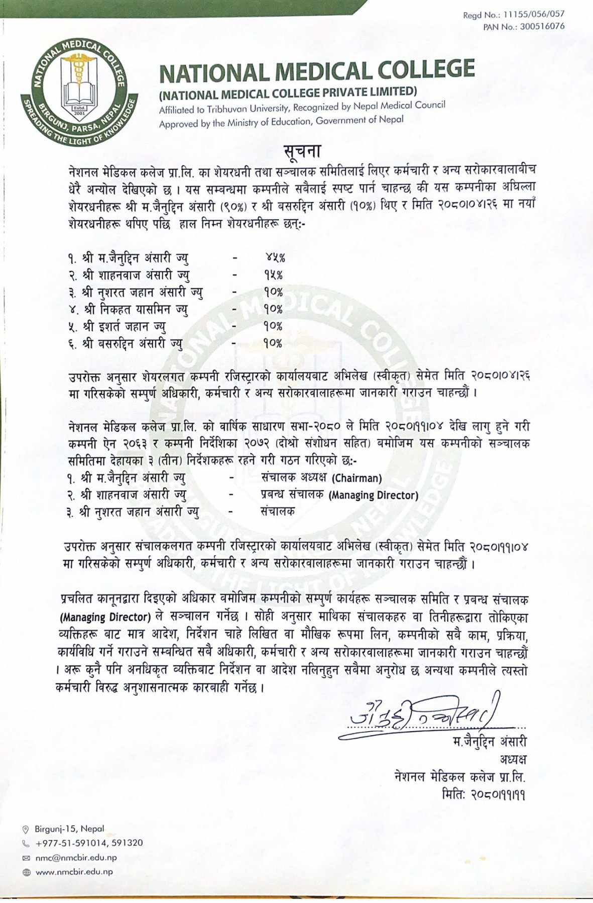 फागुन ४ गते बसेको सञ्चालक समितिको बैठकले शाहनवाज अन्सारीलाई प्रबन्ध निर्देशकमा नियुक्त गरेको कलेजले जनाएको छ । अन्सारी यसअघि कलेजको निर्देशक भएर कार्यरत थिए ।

==

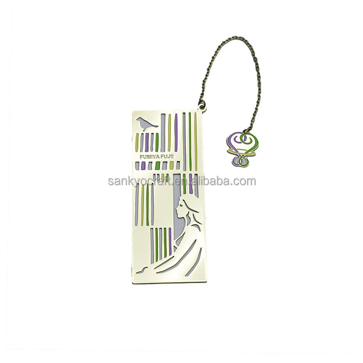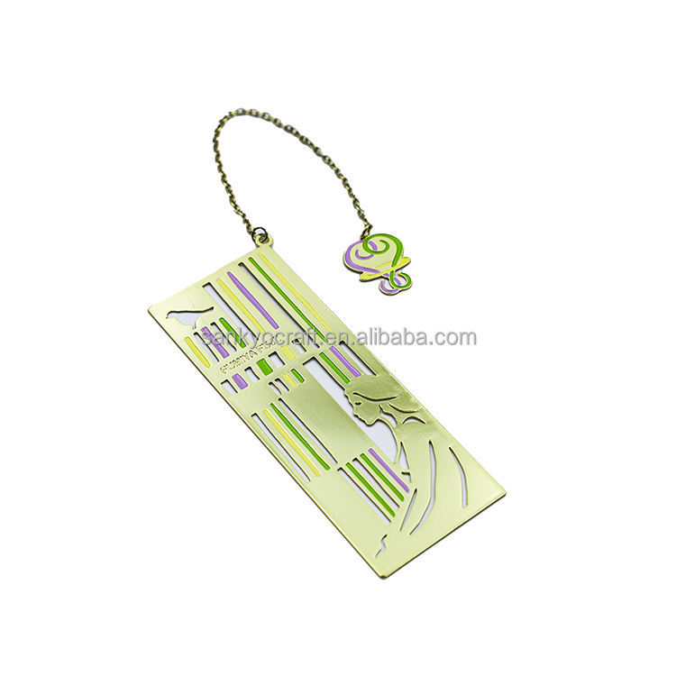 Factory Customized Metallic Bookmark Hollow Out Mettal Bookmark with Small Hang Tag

* * *

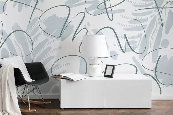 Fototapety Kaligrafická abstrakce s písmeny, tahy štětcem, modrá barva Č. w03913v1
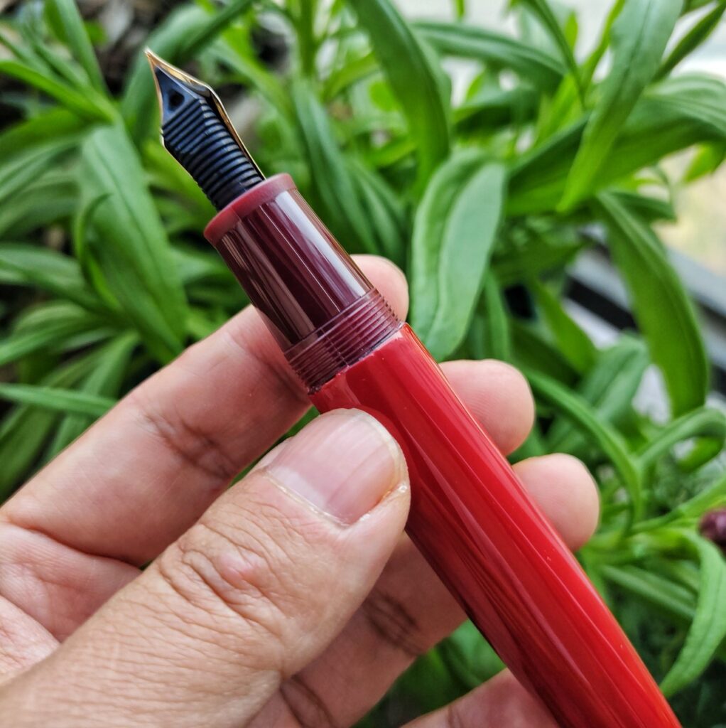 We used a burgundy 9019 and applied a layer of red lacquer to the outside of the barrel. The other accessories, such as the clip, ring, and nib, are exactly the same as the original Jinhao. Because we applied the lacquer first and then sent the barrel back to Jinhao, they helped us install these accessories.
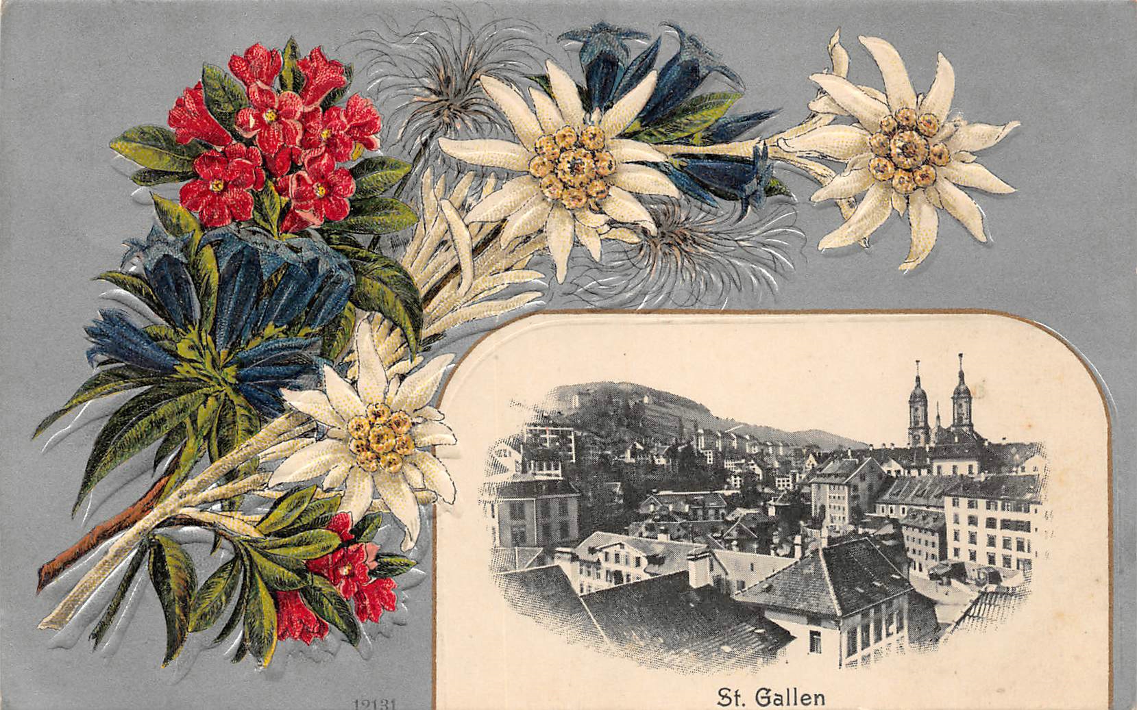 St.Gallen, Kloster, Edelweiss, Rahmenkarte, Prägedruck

## What is being asked
When you reach the line with "Fototapety Kaligrafická abstrakce" in the records above, start writing out each line exactly, and stop after the line with "We used a burgundy". Pictures stay out.

## Exercise response
 Fototapety Kaligrafická abstrakce s písmeny, tahy štětcem, modrá barva Č. w03913v1
 We used a burgundy 9019 and applied a layer of red lacquer to the outside of the barrel. The other accessories, such as the clip, ring, and nib, are exactly the same as the original Jinhao. Because we applied the lacquer first and then sent the barrel back to Jinhao, they helped us install these accessories.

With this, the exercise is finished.